Animal studies suggest a favorable safety profile at high doses, but human safety data are currently insufficient to make a definitive statement.
Can it help with pain?
Preclinical evidence strongly supports its analgesic and neuropathic pain prevention effects, particularly through its active compound α-cyperone.
How quickly can I expect to see effects?
In animal models, effects typically appear after several days to weeks of consistent treatment, suggesting it's not an acute-acting supplement.
Is it effective for depression?
Animal studies have shown antidepressant-like effects, but there is currently no human evidence to confirm this benefit.
Can it be used alongside chemotherapy?
It shows potential for preventing neuropathic pain induced by chemotherapy in animal models, but human clinical trials are needed before recommending this use.
Research Sources
- https://pmc.ncbi.nlm.nih.gov/articles/PMC8443348/ – This review and animal toxicity study found that Cyperus rotundus extract was safe at high doses in mice and rats, showing no toxicity or behavioral changes.

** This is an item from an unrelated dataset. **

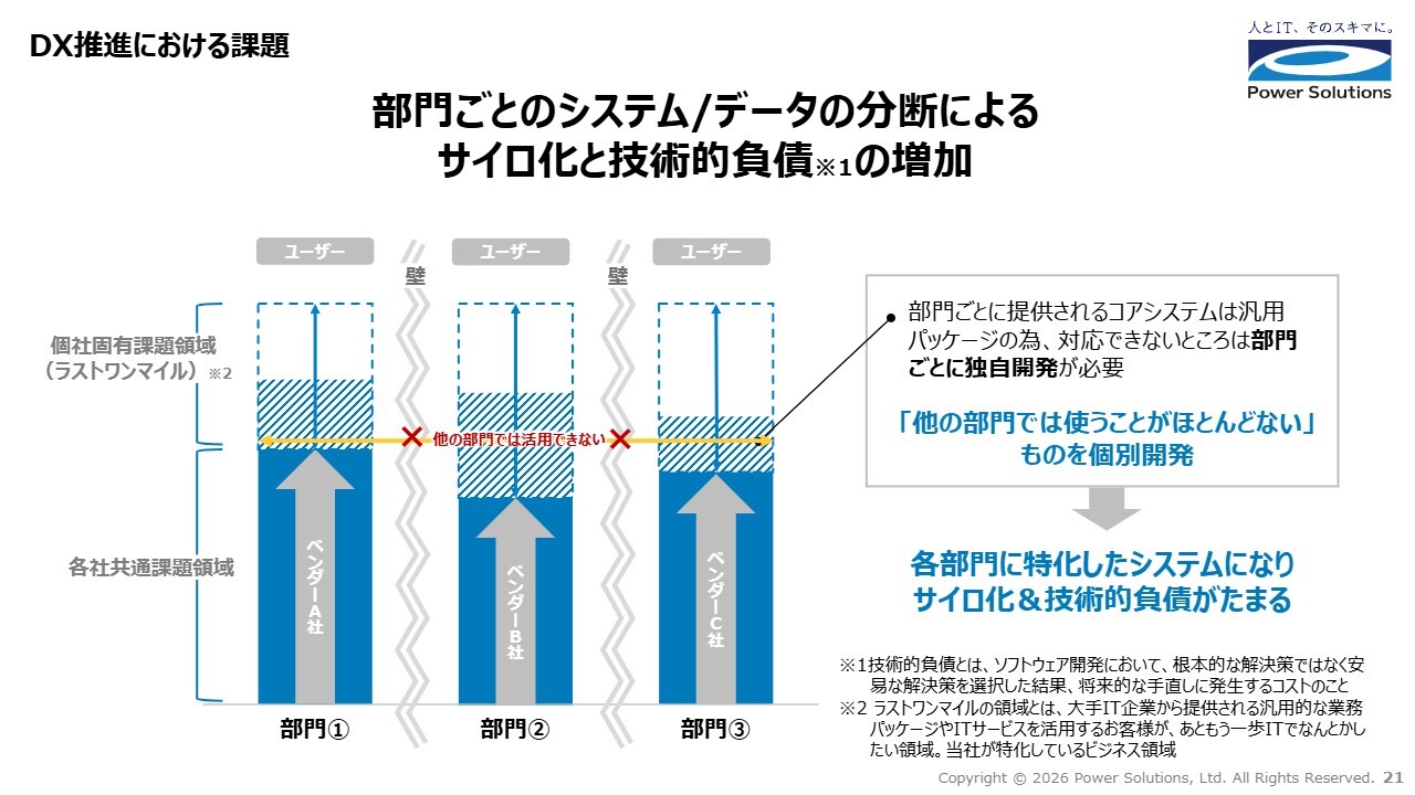 スライドの図にあるように、部門ごとに使用されているコアシステムは、汎用パッケージや、大手SIerが開発したシステムであることが多い状況です。そのため、個社固有の課題については、部門ごとに独自開発が行われています。

It also confirmed potent anti-inflammatory effects in animal models, highlighting its therapeutic potential. The study was well-conducted in animal models but lacked human data.
- https://pmc.ncbi.nlm.nih.gov/articles/PMC11679560/ – This high-quality preclinical RCT in mice demonstrated that α-cyperone and Cyperus rotundus extract prevented paclitaxel-induced neuropathic pain. It showed significant reductions in pain-related proteins and behavioral symptoms, indicating a promising role for neuropathic pain prevention. The study was limited to animal subjects.
- https://www.frontiersin.org/journals/pharmacology/articles/10.3389/fphar.2022.965902/full – This systematic review synthesized existing literature on Cyperus rotundus, covering its ethnomedicine, phytochemistry, and pharmacology. It confirmed antidepressant and anti-inflammatory effects observed in preclinical studies and emphasized the need for more high-quality human clinical trials to validate these findings. The review provided a good synthesis but highlighted the lack of clinical data.